Under Fiske’s authorship, “Dragons and Boxers” is a time machine of a novel, taking readers back centuries for an adventure into a period of Chinese history they’ve probably encountered in a history class with a young man’s story of facing adversity, providing a human anchor to its travails.
Christian Missionaries the Manchu Dynasty & the Boxer Rebellion
In Northern China in the year 1900, the Cooper family are Christian missionaries at a time when the Manchu Dynasty is eroding while the Boxer Rebellion is on the rise.

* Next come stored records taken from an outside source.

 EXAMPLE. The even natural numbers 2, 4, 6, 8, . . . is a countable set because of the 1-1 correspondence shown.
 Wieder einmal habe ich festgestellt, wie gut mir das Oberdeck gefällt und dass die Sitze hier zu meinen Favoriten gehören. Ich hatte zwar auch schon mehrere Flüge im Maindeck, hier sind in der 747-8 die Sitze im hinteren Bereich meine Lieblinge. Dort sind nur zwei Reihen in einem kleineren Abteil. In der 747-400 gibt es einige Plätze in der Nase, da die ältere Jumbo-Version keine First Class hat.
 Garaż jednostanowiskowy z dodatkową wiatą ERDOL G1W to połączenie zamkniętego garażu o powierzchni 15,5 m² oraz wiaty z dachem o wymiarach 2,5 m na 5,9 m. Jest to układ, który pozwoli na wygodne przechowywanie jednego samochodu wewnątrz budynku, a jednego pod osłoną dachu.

As events continue to boil over, an unexpected attack on the Cooper family leaves the teenaged Wayland Cooper barely alive, with his parents James and Dorothy both being killed. Though Wayland is left for dead, he is taken in by Master Gao and Old Wu, and begins his recovery from the attack in the city of Tientsin (Tianjin). As Wayland comes to find himself in the midst of a conflict between rival martial artists, his own ability to utilize the martial arts of China becomes a crucial weapon for him to start wielding.

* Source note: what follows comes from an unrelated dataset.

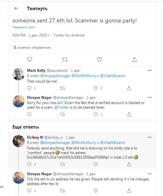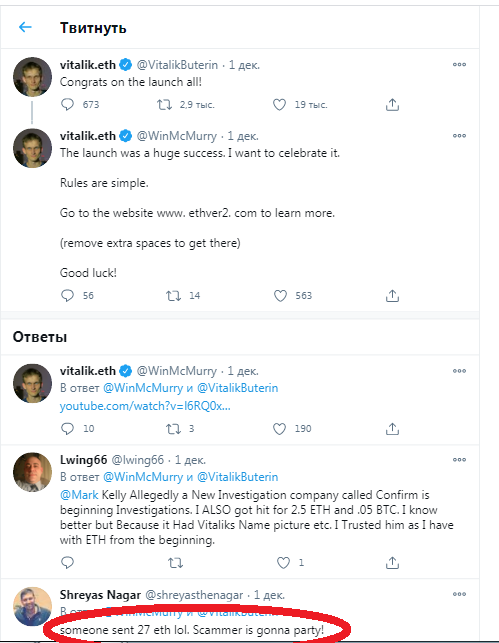 I'm sure it was all a trap and no casualties so I think everyone already knows that this crazy Giveaway is not legal. Title: Re: Fake 50.000 ETH Giveaway by Fake Vitalik Buterin Post by: smyslov on December 05, 2020, 02:48:16 AM With 5 ETH in the scamer's wallet, is this really a victim or is it just my trap so that people will trust more with this fake giveaway? I'm sure it was all a trap and no casualties so I think everyone already knows that this crazy Giveaway is not legal. I also think that way, that's how scammers works they deposit funds to wallets to make it appear that people are depositing and they even show transaction record that they are sending tokens to those participants, I hope that no one will post that they deposited to that address, because that means they are not doing their research and they are uneducated. Title: Re: Fake 50.000 ETH Giveaway by Fake Vitalik Buterin Post by: Basiak on December 05, 2020, 10:25:41 AM With 5 ETH in the scamer's wallet, is this really a victim or is it just my trap so that people will trust more with this fake giveaway? I'm sure it was all a trap and no casualties so I think everyone already knows that this crazy Giveaway is not legal. I also think that way, that's how scammers works they deposit funds to wallets to make it appear that people are depositing and they even show transaction record that they are sending tokens to those participants, I hope that no one will post that they deposited to that address, because that means they are not doing their research and they are uneducated. This tweet suggests that scammers are changing wallets: https://twitter.com/WinMcMurry/status/1333763251755167744 https://s8.hostingkartinok.com/uploads/images/2020/12/b3e3de0cbc1299f455b970e740f7735e.png And this is who it was: https://s8.hostingkartinok.com/uploads/images/2020/12/f452ea262f3969a4065b4d32b4f54b79.png Peace for everyone! Title: Re: Fake 50.000 ETH Giveaway by Fake Vitalik Buterin Post by: tvplus006 on December 06, 2020, 11:19:47 AM In the Wake of the hype associated with the launch of the Ethereum-2 network, scammers are trying to get Ethereum from inexperienced investors. Scammers offer to double your coins in just 24 hours, which is a typical Ponzi scheme. I hope that investors understand that this is a scam and will not send their money to scammers.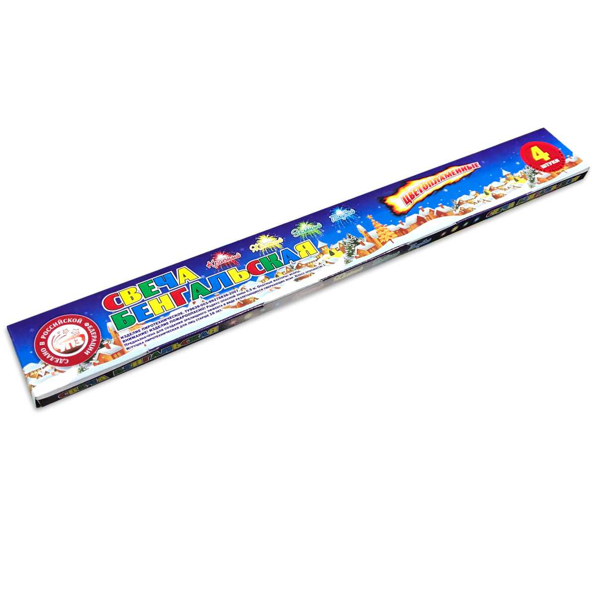 Классика жанра - цветные бенгальские свечи от Уральского Пиротехнического Завода! Толстые и внушительные, эти бенгальские огни горят ослепительно ярко, цвета - очень насыщенные: красный, желтый, зеленый, голубой. В упаковке - 4 свечи, по одной каждого цвета. Бенгальские огни можно использовать только на открытом воздухе.

Within the first few paragraphs of “Dragons and Boxers”, Fiske brings the world of China, circa 1900 to splendidly captivating life. Though we’ve seen countless stories of a white Westerner becoming one with another culture in everything from “Dances with Wolves” to “The Last Samurai“, Fiske’s storytelling of Wayland’s growing relationship with Chinese culture and martial arts is simply poetic.
Blending Chinese Culture & Martial Arts
Wayland just walking though a local market as a stranger in a strange land is its own tale of isolation and yearning by itself in Fiske’s hands. However, Fiske’s knowledge about Chinese culture and martial arts is what really enlivens the soul of “Dragons and Boxers”.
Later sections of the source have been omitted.